Use proxy to download LLMs:

enova pilot run --model mistralai/Mistral-7B-Instruct-v0.1 --hf_proxy xxx

[!NOTE]

  • First, we use docker-compose to start grafana, prometheus, opentelmentry-collector, tempo, dcgm modules.
  • Second, we start a streamlit webui service.
  • Third, we launch the llm server with default vllm backend.

[!TIP]

  • The default port of LLM service is 9199.
  • The default port of grafana server is 32827.
  • The default port of LLM webUI server is 8501.
  • The default port of ENOVA application server is 8182.
  1. Check Deployed LLM service via ENOVA Application Server:
http://localhost:8182/instance
  1. Test the Deployed LLM service with an prompt:

Use WebUI:

http://localhost:8501

Use Shell:

curl -X POST http://localhost:9199/generate \
-d '{
"prompt": "San Francisco is a",
"max_tokens": 1024,
"temperature": 0.9,
"top_p": 0.9
}'
  1. Monitor the LLM Service Quality via ENOVA Application Server:
http://localhost:8182/instance
  1. Stop all service
enova pilot stop --service all

🏠 LLM Deployment Service

In addition to offering an all-in-one solution for service deployment, monitoring, and autoscaling, ENOVA also provides support for single modules.
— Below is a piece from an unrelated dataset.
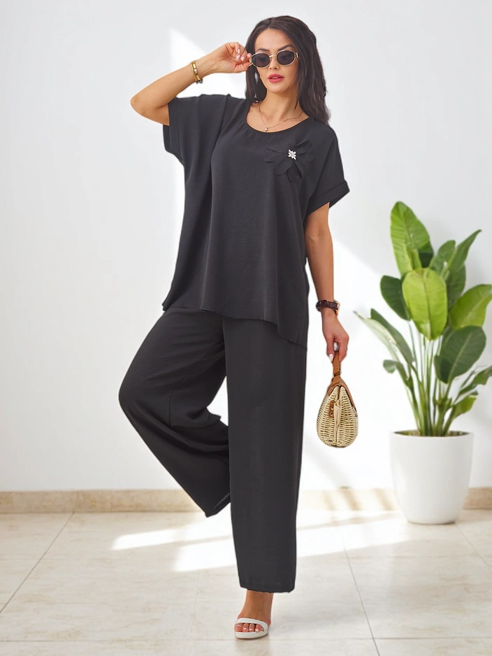 Royalfashion Dámský set s krátkým rukávem, ozdobený květinovým motivem a širokými kalhotami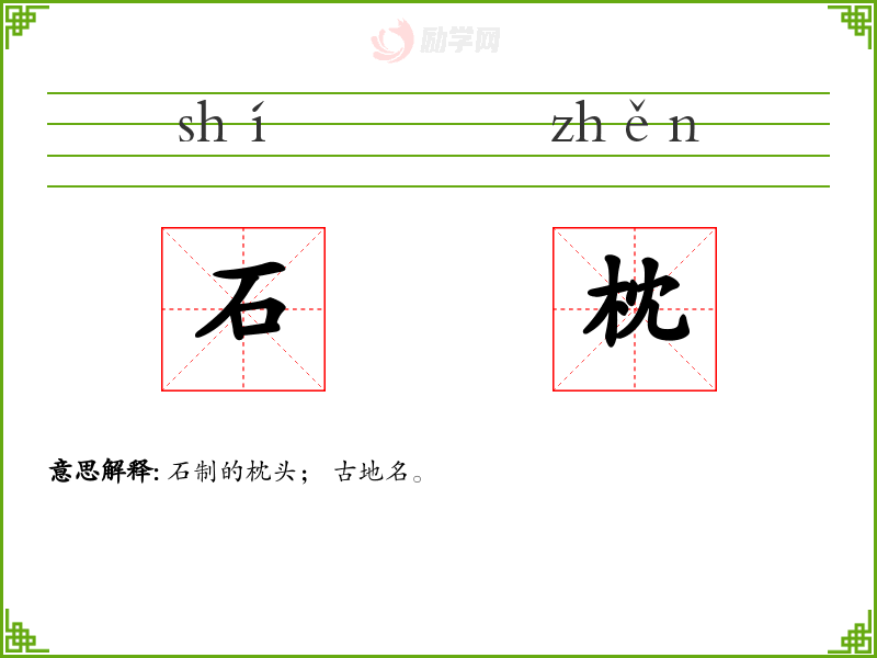 《说文》-石,山石也。在厂之下,口象形。 《诗·小雅·鹤鸣》-它山之石。 《释名》-山体曰石。 《易·豫》-介于石。 《易·说卦传》-艮为小石。 《周礼·典同》-原声石。 《吕氏春秋·精通》-慈石召铁或引之也。 《书·大传》。注:“石材,柱下质;石承,当柱下而已。”-大夫有石材,庶人有石承。 清·方苞《左忠毅公逸事》-吾师肺肝,皆铁石所铸造也。

The LLM deployment service facilitates the deployment of LLMs and provides a stable API for accessing LLMs.

enova enode run --model mistralai/Mistral-7B-Instruct-v0.1

[!NOTE]

The LLM server is launched with default vllm backend. OpenAI API and Generate API are both supported. vllm config can be specified using command-line parameters like:

enova enode run --model mistralai/Mistral-7B-Instruct-v0.1 --host 127.0.0.1 --port 9199

LLM WebUI Service

This service features a WebUI page for dialog interaction, where the serving host and port for the LLM server, and the host and port for the WebUI service, are configurable parameters.

enova webui run --serving_host 127.0.0.1 --serving_port 9199 --host 127.0.0.1 --port 8501

Autoscaling Module

The autoscaling service is automatically launched and managed by escaler module.

Request Injection Module

We implemented a request injection module using JMeter to simulate real user requests for evaluating LLM performance. The module allows simulation of request arrival probabilities using two modes: Poisson distribution and normal distribution. Further details on the injection operation are available at:

http://localhost:8182/instance

🏠 LLM Monitoring Service

Manage LLM Monitoring Service

The monitoring system is designed for monitoring and autoscaling, which contains real-time data collection, storage, and consumption. We can manage the LLM monitoring service via:

  1. Start llm monitoring service
enova mon start
  1. Check service status
enova mon status
  1. Stop monitoring service
enova mon stop

Monitoring Metrics

Monitoring metrics are collected using the DCGM exporter, Prometheus exporters, and the OpenTelemetry collector. A brief description is provided in the following tables. For more details, please refer to the Grafana dashboard.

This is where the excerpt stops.